**Activity:** Begin the copy at the line that contains "GC-WTSA1452 God's Power", end it at the last line of the entries below, keep every word exact, and include no pictures.

++++++++

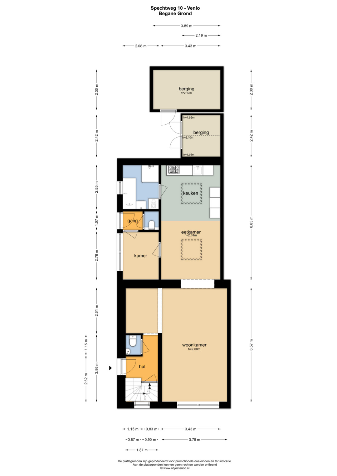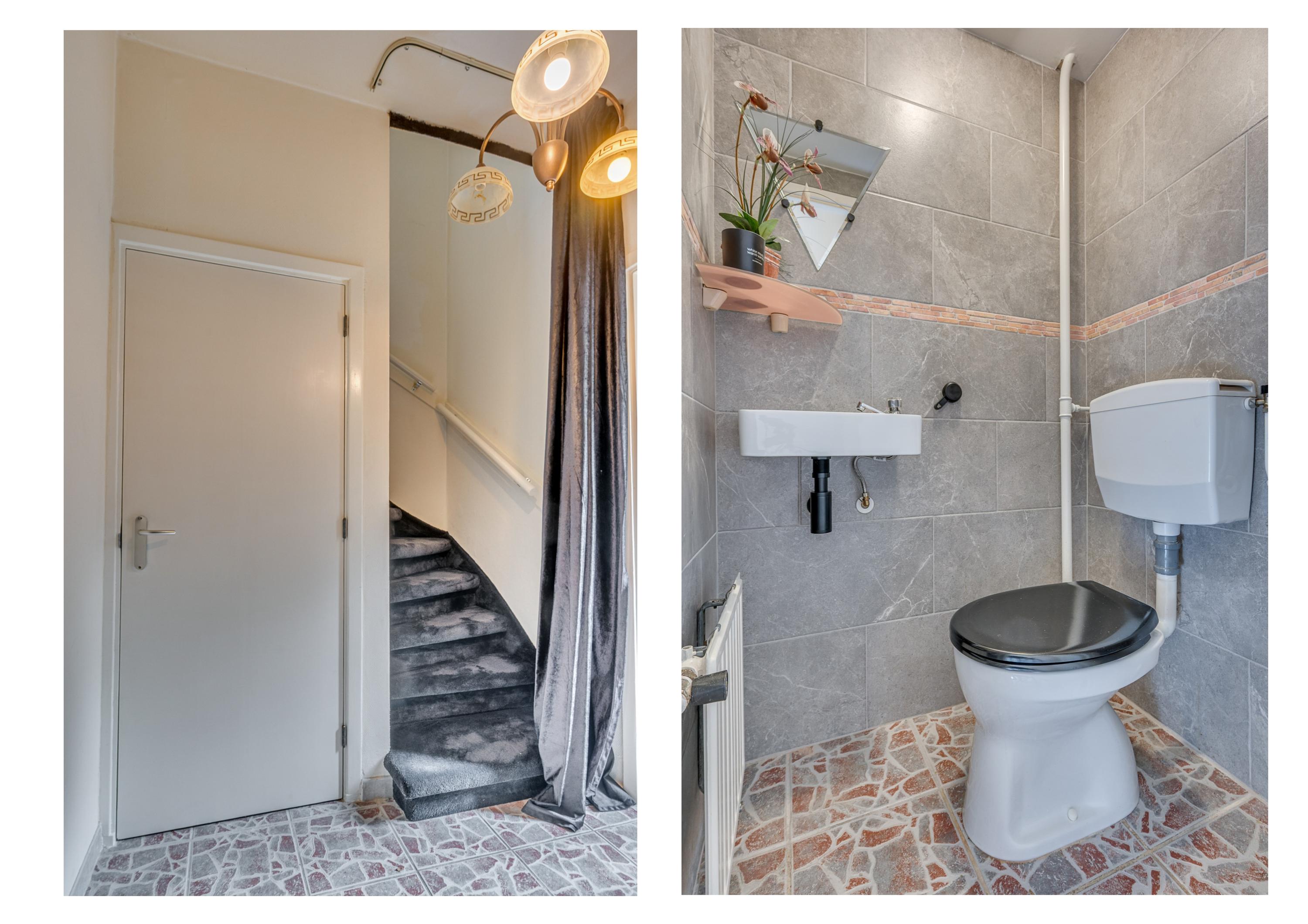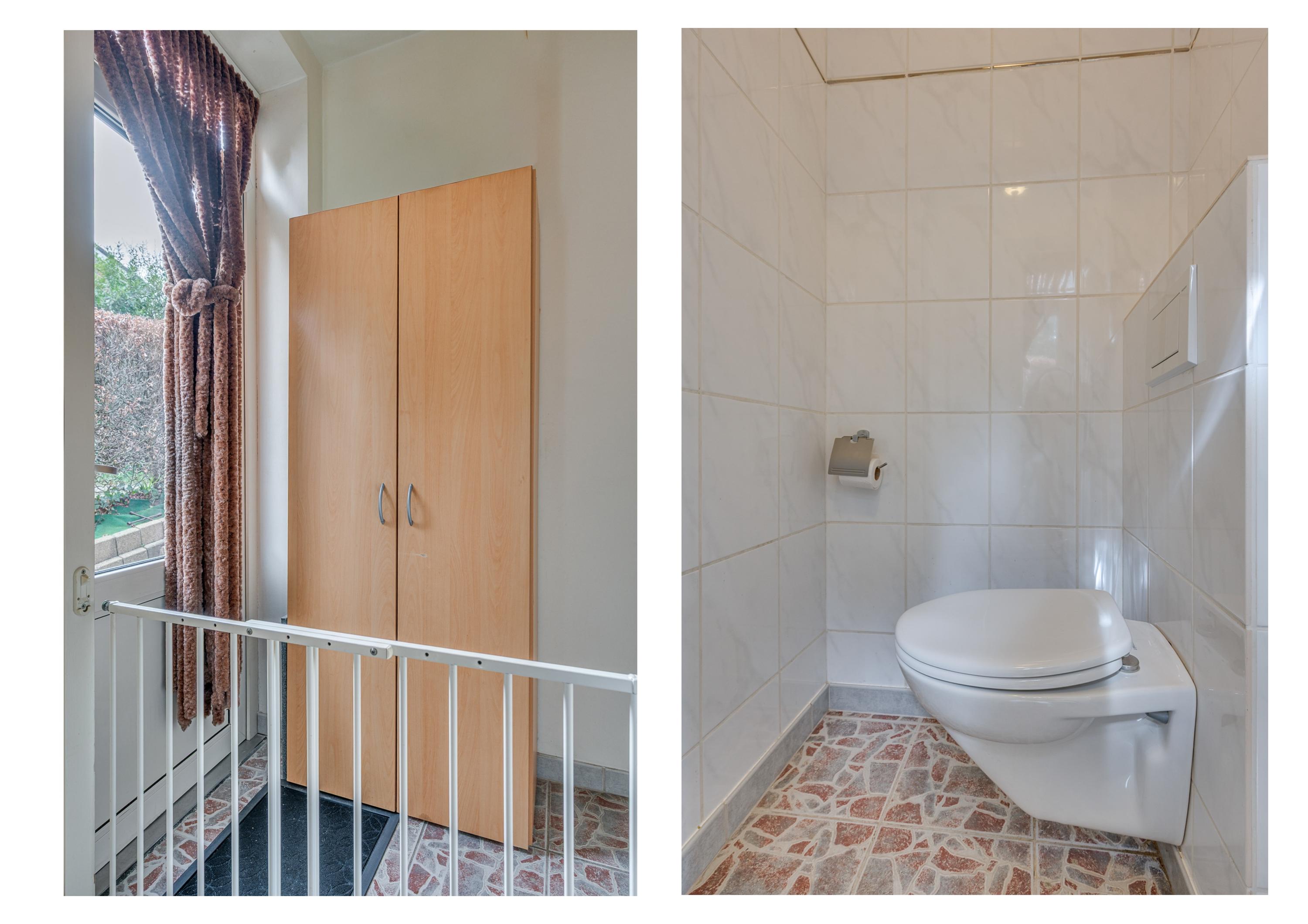 Middels de eigen oprit is de entree van de woning te betreden. De ontvangsthal geeft toegang tot de trapopgang naar de 1e verdieping, trapgang naar de kelder, toiletruimte en woonkamer. De geheel betegelde toiletruimte is voorzien van een toilet, fonteintje en verwarming. De woonkamer is ruim van opzet en geniet veel lichtinval. Aan de voorzijde is de woonkamer gepositioneerd en aan de achterzijde de eetkamer met open keuken. De keuken is voorzien van een 5-pits gasfornuis, afzuigkap, heteluchtoven, vaatwasmachine, magnetron, koffieapparaat en koelkast. Vanuit de woonkamer is er toegang tot een kamer welke voor meerdere doeleinden te gebruiken is. Vanuit deze kamer kom je in de 2e hal welke tevens toegang geeft tot de 2e toiletruimte op de begane grond. De toiletruimte is voorzien van een zwevend toilet. Middels een loopdeur in de keuken is er toegang tot de badkamer. De badkamer is voorzien van een zwevend toilet, douche, ligbad met douchefaciliteit, wastafel, de witgoedaansluitingen en een buitenraam.
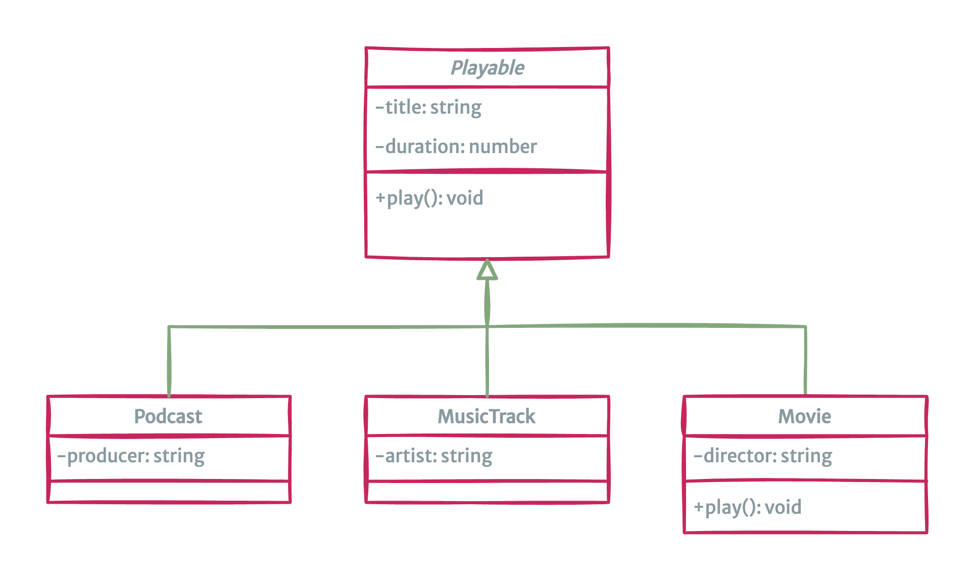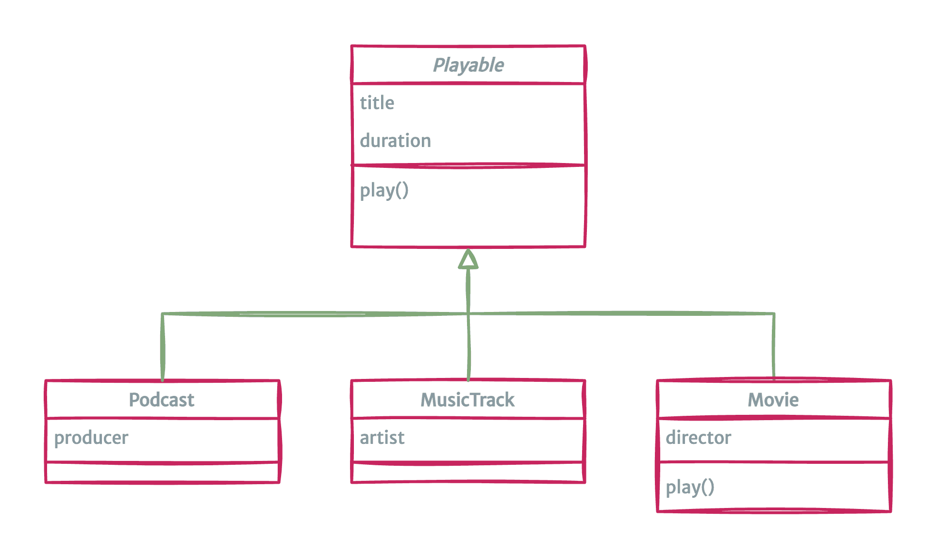 playable.sharePodcast()And here’s where the magic begins. We can use the type of the abstract class Playable to indicate that our variable can host any object from classes that derive from Playable:
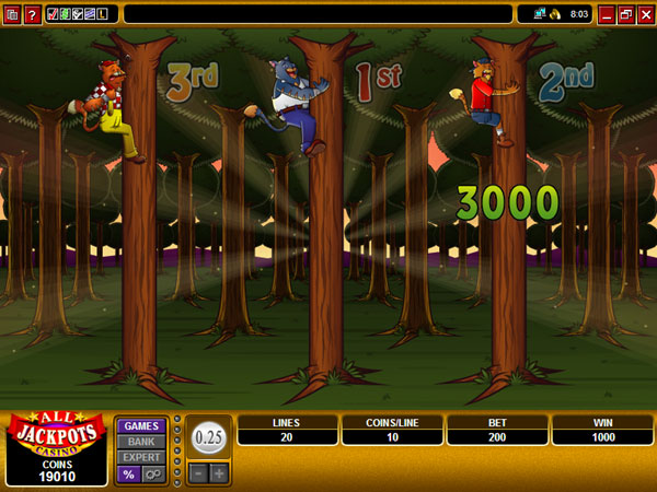 You choose one of the three cats that will try to climb trees. Depending on how well your cat does, you get a smaller or bigger prize from this feature.
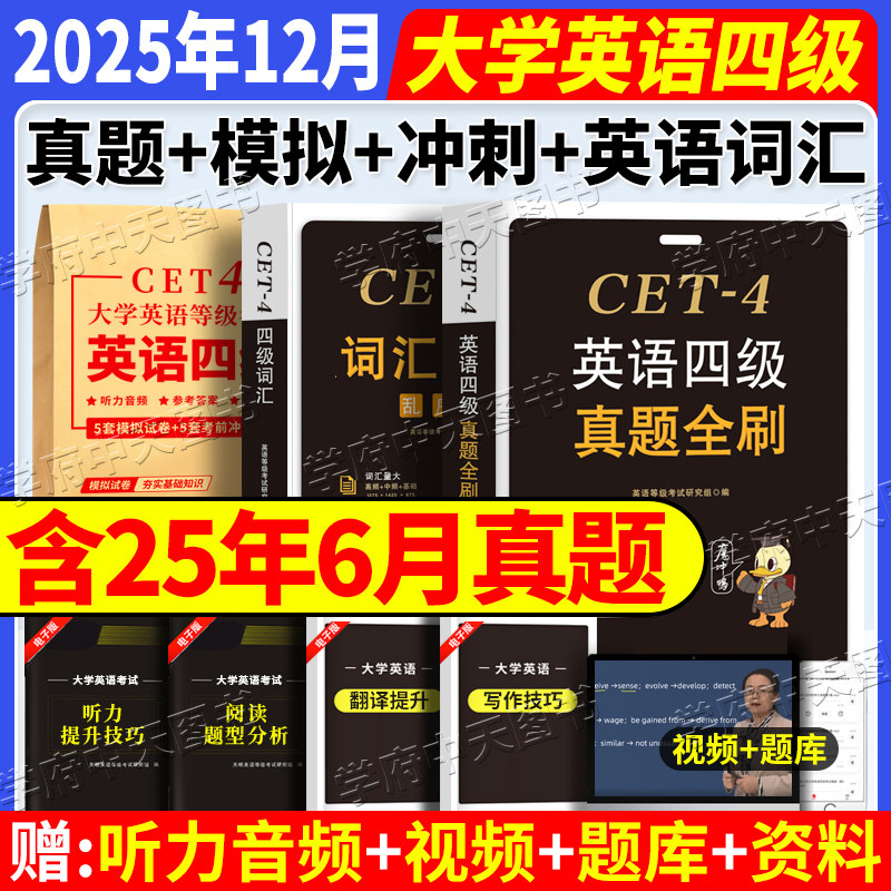 四级真题备考2025年12月大学英语4级四六级考试真题试卷便携词汇乱序版书单词复习资料6级六级星火cet四级考试教材历年真题卷子
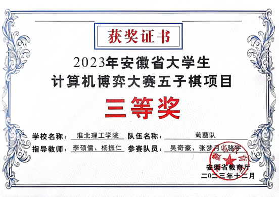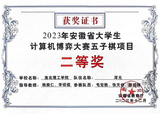 近日,安徽省大学生计算机博弈大赛(安徽省大学生学科和技能竞赛B类项目)在安徽大学举办,Beat365官网电子与信息工程学院计算机科学与技术专业学生首次参加此项比赛,取得二等奖1项、三等奖1项的好成绩。
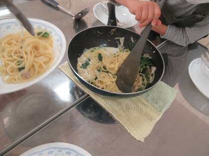5年1組と3組の調理実習でクリームスパゲティーを作りました。
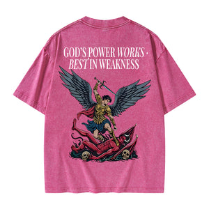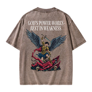 GC-WTSA1452 God's Power Works Beat In Weakness Christian Washed T-Shirt
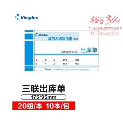 金蝶(kingdee)三联出库单据 无碳复写收款收据 打印手写收据单样本单 175*95mm 10本/包 CK03SKU:yzwhyp858131
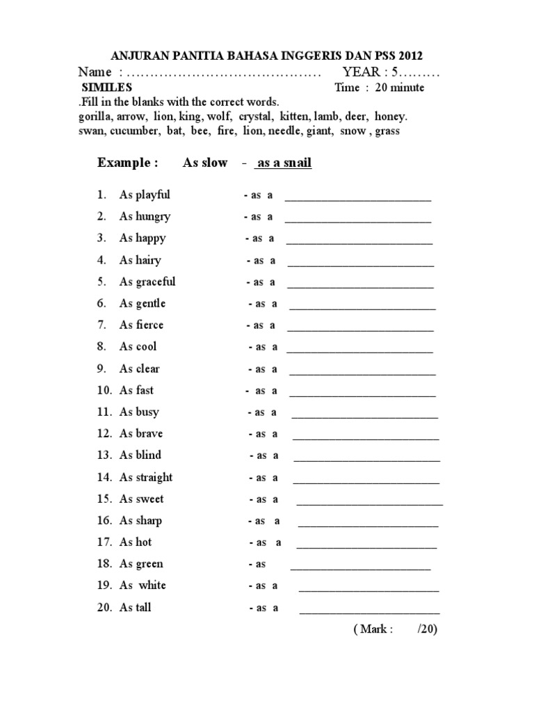Bahasa inggeris tahun 3. Bahasa Inggeris English Penulisan Tahun 6 UPSR Bahagian A Jawapan.
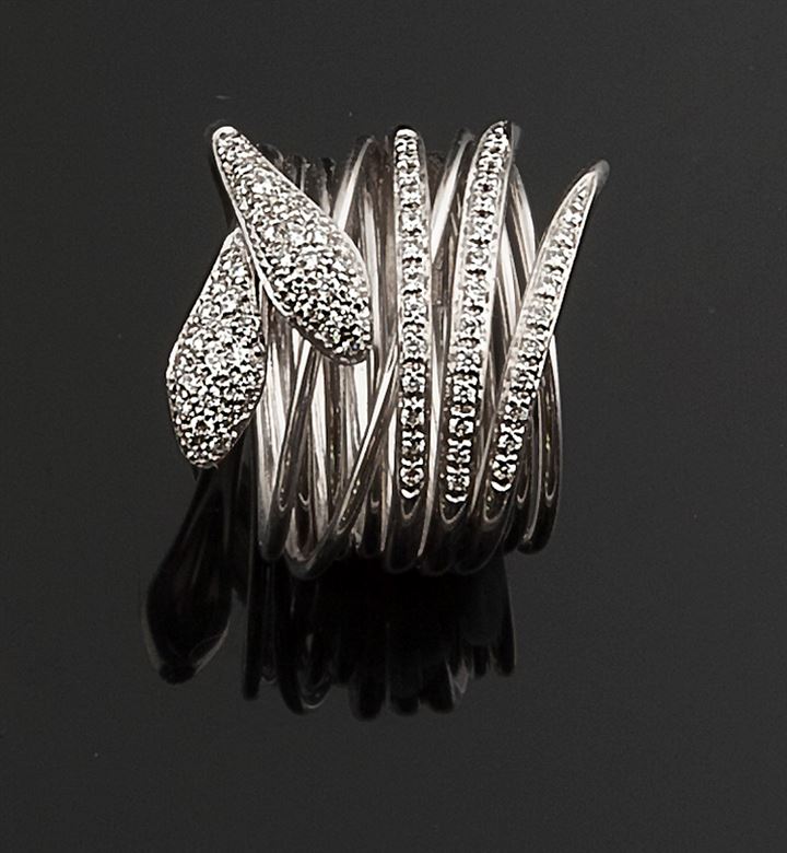 Anello in oro bianco, composto da due serpenti stilizzati intrecciati; teste e code in diamanti taglio brillante per complessivi ct 0,40 ca
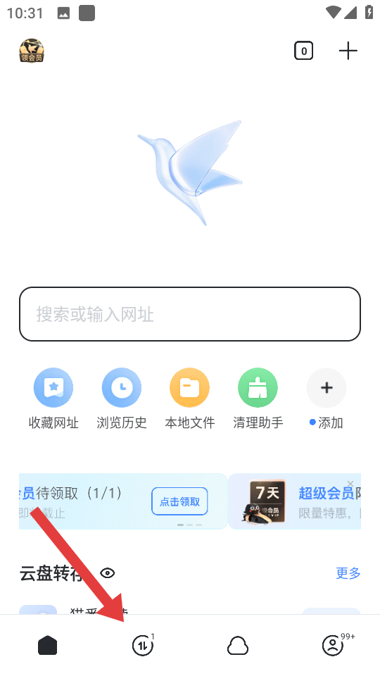 1、打開迅雷APP的軟件,點擊底部導航欄中間的下載圖標,進入下載的管理頁面。
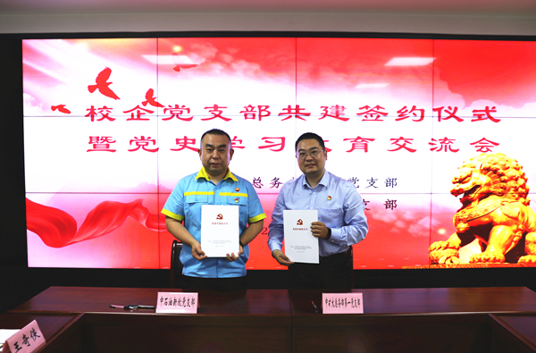 为进一步提升基层党支部的组织力,发挥基层党支部的战斗力,增强基层党支部的创新力,强化党史学习教育的实效力,5月20日,中国矿业大学总务部机关党支部与中石油新欣党支部联合开展了“校企党支部共建签约仪式暨党史学习教育交流会”。总务部原党委书记张惠忠,中石油徐州分公司党委书记王野思,党委委员、副经理曹春雷出席活动,双方党支部的全体党员参加了活动。活动由总务部机关党支部书记郝雄飞主持。
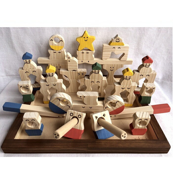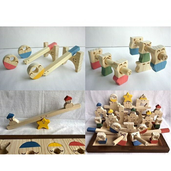 わいわい積木遊び(お話しながら楽しく想像&バランス)・コロコロ転がし遊び(起き上がりこぼしで面白く転びます)・ポコポコ穴通し遊び(積木の穴に棒を通します)・シーソー遊び(星とバランスバーを使い積木をのせてシーソー遊び)・型合わせパズル遊び(形をおぼえながら頭の体操&集中力)。
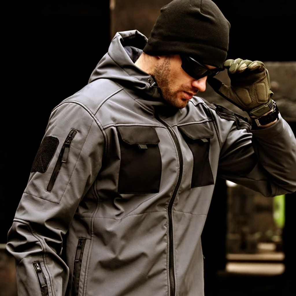 New Sharkskin Soft Shell Hooded Jacket Windproof Waterproof Camping Hiking Hunting Jacket Stretch Fleece Sportswear
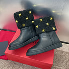 ANKLE STUDDED BOOTS IN BLACK CALFSKIN AND SHEARLING LINING

++++++++

**Result for this exercise:**
 GC-WTSA1452 God's Power Works Beat In Weakness Christian Washed T-Shirt
 金蝶(kingdee)三联出库单据 无碳复写收款收据 打印手写收据单样本单 175*95mm 10本/包 CK03SKU:yzwhyp858131
Bahasa inggeris tahun 3. Bahasa Inggeris English Penulisan Tahun 6 UPSR Bahagian A Jawapan.
 Anello in oro bianco, composto da due serpenti stilizzati intrecciati; teste e code in diamanti taglio brillante per complessivi ct 0,40 ca
 1、打開迅雷APP的軟件,點擊底部導航欄中間的下載圖標,進入下載的管理頁面。
 为进一步提升基层党支部的组织力,发挥基层党支部的战斗力,增强基层党支部的创新力,强化党史学习教育的实效力,5月20日,中国矿业大学总务部机关党支部与中石油新欣党支部联合开展了“校企党支部共建签约仪式暨党史学习教育交流会”。总务部原党委书记张惠忠,中石油徐州分公司党委书记王野思,党委委员、副经理曹春雷出席活动,双方党支部的全体党员参加了活动。活动由总务部机关党支部书记郝雄飞主持。
 わいわい積木遊び(お話しながら楽しく想像&バランス)・コロコロ転がし遊び(起き上がりこぼしで面白く転びます)・ポコポコ穴通し遊び(積木の穴に棒を通します)・シーソー遊び(星とバランスバーを使い積木をのせてシーソー遊び)・型合わせパズル遊び(形をおぼえながら頭の体操&集中力)。
 New Sharkskin Soft Shell Hooded Jacket Windproof Waterproof Camping Hiking Hunting Jacket Stretch Fleece Sportswear
 ANKLE STUDDED BOOTS IN BLACK CALFSKIN AND SHEARLING LINING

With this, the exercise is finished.